__SUPPLIED ENTRIES__:

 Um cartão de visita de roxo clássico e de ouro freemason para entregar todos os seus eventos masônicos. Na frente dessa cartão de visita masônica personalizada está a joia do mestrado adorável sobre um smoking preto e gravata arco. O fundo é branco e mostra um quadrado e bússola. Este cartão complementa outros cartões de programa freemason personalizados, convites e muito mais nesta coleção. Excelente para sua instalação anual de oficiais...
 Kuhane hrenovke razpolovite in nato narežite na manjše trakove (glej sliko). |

==

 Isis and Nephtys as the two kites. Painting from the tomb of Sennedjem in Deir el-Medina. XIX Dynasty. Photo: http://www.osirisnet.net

__TASK OBJECTIVE__: Out of the listing above, reproduce exactly the lines from the one with "Um cartão de" up to and including the one with "Kuhane hrenovke razpolovite".

__RESULT FOR THIS TASK__:
 Um cartão de visita de roxo clássico e de ouro freemason para entregar todos os seus eventos masônicos. Na frente dessa cartão de visita masônica personalizada está a joia do mestrado adorável sobre um smoking preto e gravata arco. O fundo é branco e mostra um quadrado e bússola. Este cartão complementa outros cartões de programa freemason personalizados, convites e muito mais nesta coleção. Excelente para sua instalação anual de oficiais...
 Kuhane hrenovke razpolovite in nato narežite na manjše trakove (glej sliko). |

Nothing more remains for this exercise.